Xiaokou went out for an autumn outing. On the way, he collected some red and yellow leaves. He used these leaves to organize a collection of autumn leaves`leaves`

, string`leaves`

Contains only lowercase characters`r`

and`y`

, where characters`r`

Represents a red leaf`y`

A yellow leaf is a leaf.

For the sake of beauty and tidiness, Xiaokou wants to adjust the arrangement of leaves in the collection into three parts: red, yellow and red. The number of leaves in each part may not be equal, but they should be greater than or equal to 1. With each adjustment, the button can replace a red leaf with a yellow leaf or a yellow leaf with a red leaf.
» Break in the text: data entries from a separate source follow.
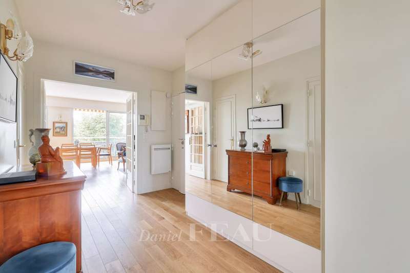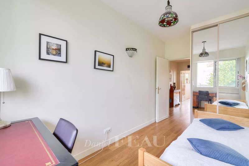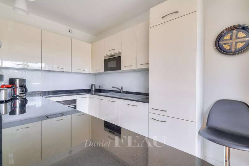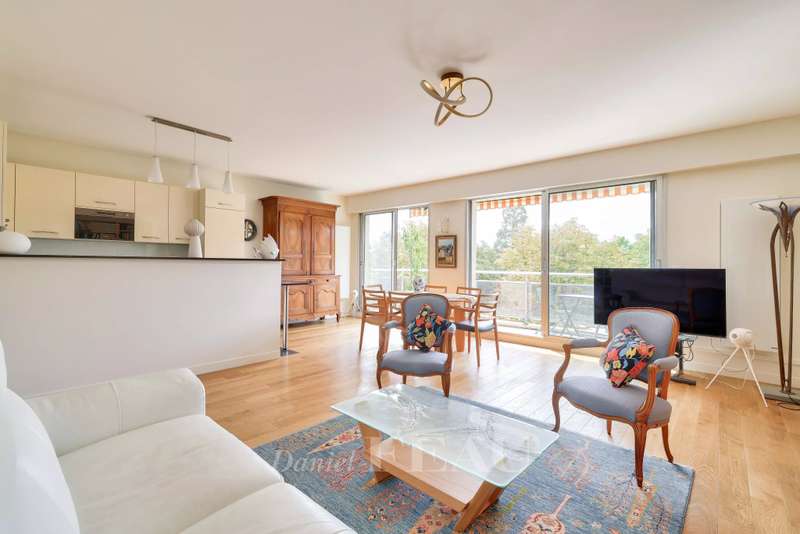 Daumesnil neighbourhood, on the edge of the Bois de Vincennes. This 77 sqm dual-aspect apartment on the 2nd floor of a luxurious relatively recent building with a lift is in perfect condition. Benefiting from a compact floor plan with no wasted space and opening onto wide balconies enjoying open views, it includes a bright south-facing living/reception room with an open-plan kitchen, two bedrooms, a shower room/wc and a guest wc. With a parking space and a cellar.
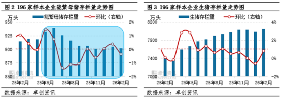 根据卓创资讯监测的196家中大型样本企业存出栏数据显示,2025年能繁母猪存栏量呈先增后减再盘整态势,2026年3-12月份生猪理论出栏量对应2025年5月份-2026年2月份的能繁母猪存栏量,2025年5-6月份能繁母猪存栏量增加,7-9月份回落,此后跌势暂止,对应2026年3-4月份生猪理论出栏量增加、5-7月份理论出栏量减少、此后主线稳定。2026年2月份样本企业能繁母猪存栏量与2025年6月份高点相比仅下滑3.95%,仍未触及去产能的目标。
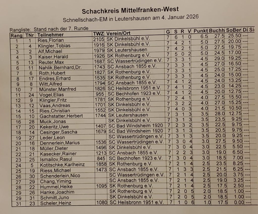 Zum Jahresauftakt waren unsere beiden Jugendlichen Elias und Rasul bei den Kreismeisterschaften im Schnellschach dabei und überzeugten mit schönen Partien. Vor allem Elias hat sich heute von seiner besten Seite gezeigt. Es waren alle sehr erstaunt, dass Elias 4,5 Punkte geholt hat. 🤭
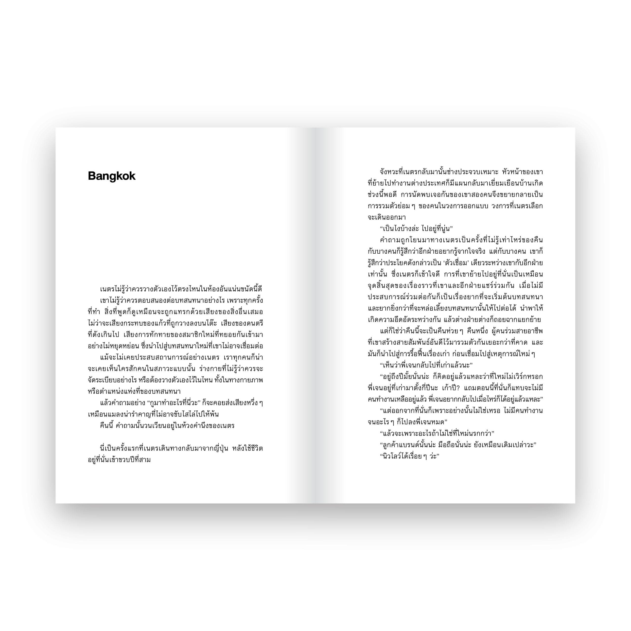 คืนสุดท้ายของการกลับมาเยี่มประเทศไทยหลังย้ายไปอยู่ญี่ปุ่น เนตร ได้พบกับ เรย์ ชายหนุ่มรุ่นพี่ที่เคยเป็นเพียงคนนอกวงโคจรของชีวิตอีกครั้ง แล้วการทักทายสั้น ๆ ก็กลายเป็นการสานความสัมพันธ์ หากเรื่องราวของพวกเขากลับถูกคั่นกลางด้วยระยะทางและอะไรที่มากกว่านั้น ผลงานในซีรีส์ RE-LEARN-TIONSHIP นวนิยายที่จะพาเราไปสำรวจความสัมพันธ์ที่หลากหลาย โดย นริศพงศ์ รักวัฒนานนท์ ผู้เขียน FAMILY COMES FIRST ด้วยรักและผุพัง
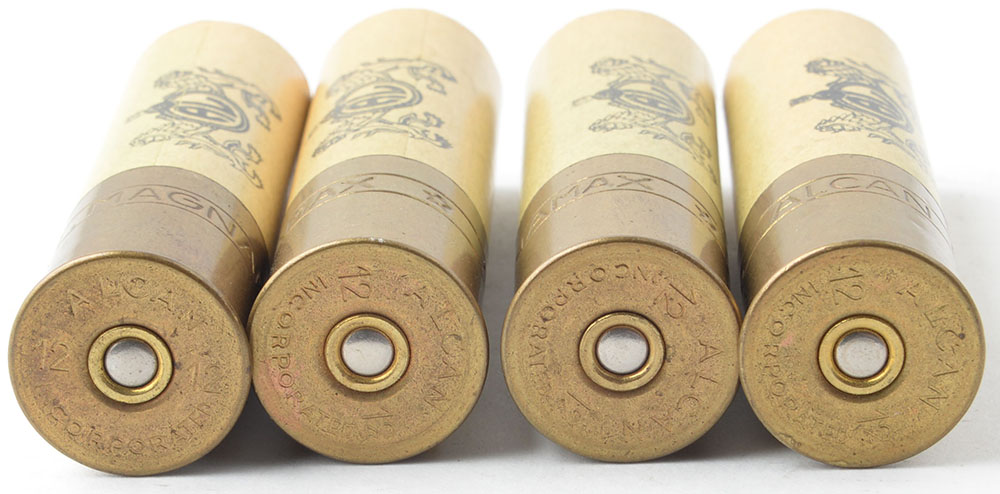 Lot of 4 Alcan Incorporated 12ga, empty paper cases, 2 3/4'' OAL. Grade: Very Good ++ - Value: 10 to 50
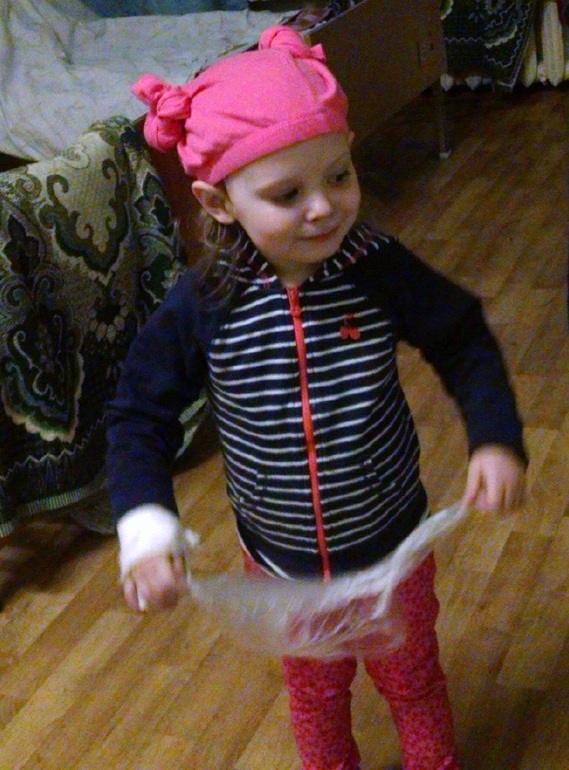 Если накинуть на плечи полотенце, получится ласточка\сова\бабочка. Если замотать ребенка в одеяло, он сразу превращается в гусеничку, которой тут же надо вылупиться.

I would like to ask the minimum number of small button adjustment operations in order to complete the adjustment of autumn leaf collection.

Example 1:

Input: leaves = “rrryyyryryyrr”

Output: 2

Explanation: adjust twice and replace the two red leaves in the middle with yellow leaves to get “rrryyyyyyyyrr”

Example 2:

Input: leaves = “RyR”

Output: 0

Explanation: the requirements have been met and no additional operation is required

Tips:

3 <= leaves.length <= 10^5

Leaves contains only the character ‘R’ and the character ‘y’

# thinking

At the beginning, the idea was simply to find out the relevant information of R and Y on the left and R and Y on the right through several iterations, and then discussed all the situations. It was found that there were a lot of situations and a lot of judgment was needed

After a long struggle, it is found that the most appropriate method is dynamic programming,**I feel that DP can be used as long as the least or most of the problems appear, because the original intention of dynamic programming is to find an optimal solution through some calculated information.****Since we want to use DP, we need to find the state, because we need to integrate the string into [red, yellow, red], so we can define three states: 0 and 2 represent the front red and the following red, and 1 represents the middle yellow**

- Then we can define a two-dimensional array
`int[leaves.length()][3]`

，**DP [i] [J] denotes leaves [0 The minimum number of operations with string status J for.. I]** **The first is the state 0, that is, the front part is [red], then the current**`dp[i][0]`

It depends on the minimum number of operations of the previous character in state 0 plus whether the standard is red!**Then there is state 1, that is, the front part is [red, yellow], which is currently**`dp[i][1]`

That is to take the minimum value of the previous character in state 0 and state 1（*Because the front is [red] or [red, yellow] can, after all, the standard will be adjusted to yellow, and make 0 . I must be state 1!*）Plus whether the standard is yellow!**Finally, it is state 2, that is, the front part is [red, yellow, red]!, then the current**`dp[i][2]`

It is to take the minimum value of the previous character in state 1 and state 2 (* because state 1 is [red, yellow], and state 2 is [red, yellow, red]. After all, the standard will be adjusted to red, making 0 I must satisfy [red, yellow, red], but state 0 is not allowed, because no matter how to adjust the situation of [red], it can not be adjusted to [red, yellow, red]! *) plus whether the standard is red!

#### be careful

Since the number of leaves in each state must be at least 1, we should not only pay special attention to the state transition equation when J = 2, but also consider whether each state itself meets the requirements.**For state DP [i] [J], it includes leaves [0.. I] with I + 1 leaves and j + 1 states, so the number of leaves must be greater than or equal to the number of States, that is, I ≥ J. In this way, all the state DP [i] [J] of I < J is not qualified.**Looking at the above state transition equation, we take the minimum value in each step of transition, so we can set all the states that do not meet the requirements to a maximum value (such as N + 1 or upper limit of integer type, etc.).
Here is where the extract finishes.